Description:If the spacy model to be used has a name that is different from the language tag ("en", "de", etc.), the model name can be specified using this configuration variable. The name will be passed to spacy.load(name).

server_model_dirs

Type:str
Examples:"models/"
Description:Directory containing the model to be used by server or an object describing multiple models. see HTTP server config

token

Type:str or null
Examples:"asd2aw3r"
Description:if set, all requests to server must have a ?token=<token> query param. see Authorization

max_number_of_ngrams

Type:int
Examples:10
Description:Maximum number of ngrams to use when augmenting feature vectors with character ngrams (intent_featurizer_ngrams component only)

duckling_dimensions

Type:list
Examples:["time", "number", "money", "distance"]
Description:Defines which dimensions, i.e. entity types, the duckling component will extract.
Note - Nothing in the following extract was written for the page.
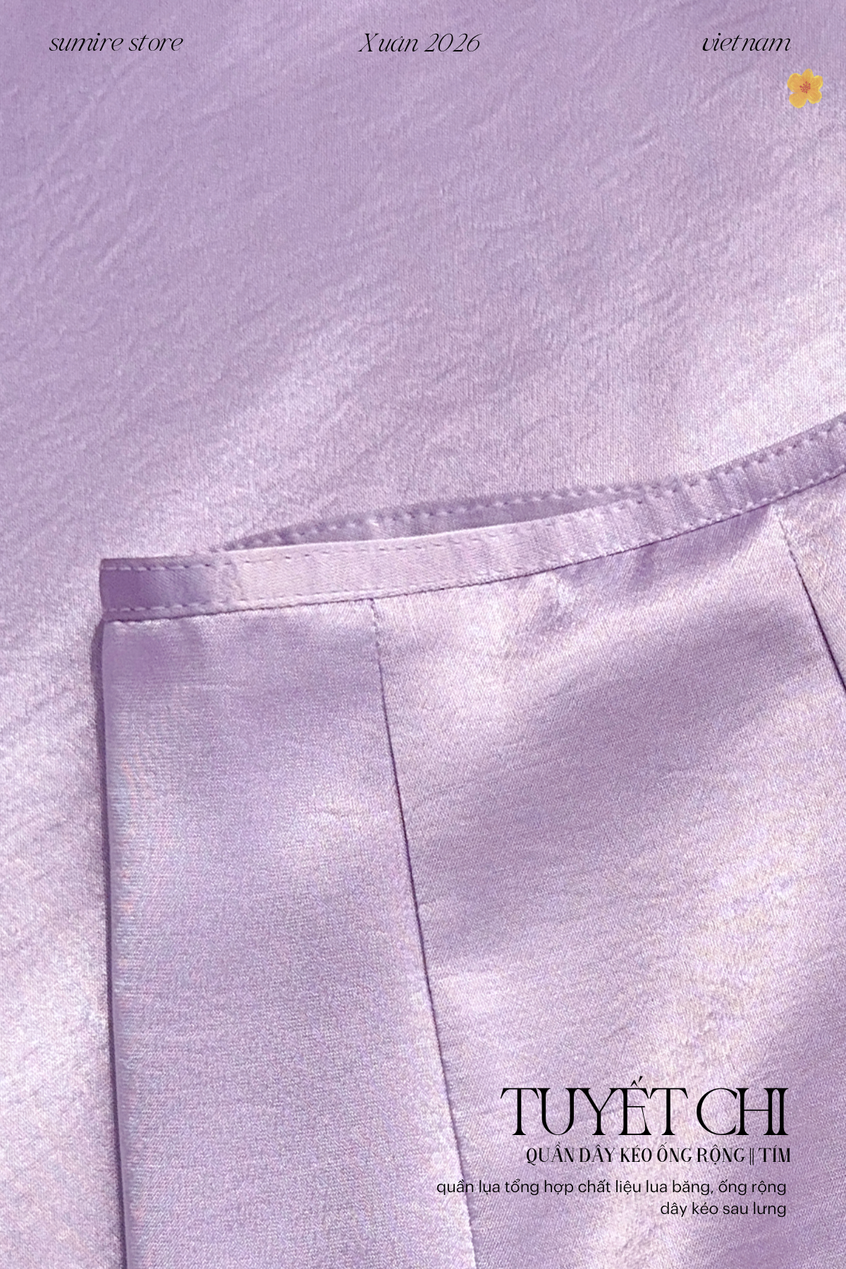 Quần Tuyết Chi - form ống rộng dây kéo, thướt tha và thoải mái khi mặc.

A full list of available dimensions can be found in the duckling documentation.

luis_data_tokenizer

Type:str
Examples:"tokenizer_mitie"
Description:Name of the tokenization component used to process luis data (Luis data annotates entities using token offset instead of character offsets, to convert the token offsets to character positions a tokenizer is required.) see Migrating an existing app

If you want to persist your trained models to S3, there are additional configuration options, see Model Persistence

storage

Type:str
Examples:"aws" or "gcs"
Description:Storage type for persistor. See Model Persistence for more details.

bucket_name

Type:str
Examples:"my_models"
Description:Name of the bucket in the cloud to store the models. If the specified bucket name does not exist, rasa will create it. See Model Persistence for more details.

aws_region

Type:str
Examples:"us-east-1"
Description:Name of the aws region to use. This is used only when "storage" is selected as "aws". See Model Persistence for more details.

entity_crf_features

Type:[[str]]
Examples:[["low", "title"], ["bias", "word3"], ["upper", "pos", "pos2"]]
Description:The features are a [before, word, after] array with before, word, after holding keys about which features to use for each word, for example, "title" in array before will have the feature “is the preceding word in title case?”. Available features are: low, title, word3, word2, pos, pos2, bias, upper and digit

entitiy_crf_BILOU_flag

Type:bool
Examples:true
Description:The flag determines whether to use BILOU tagging or not. BILOU tagging is more rigorous however requires more examples per entity. Rule of thumb: use only if more than 100 examples per entity.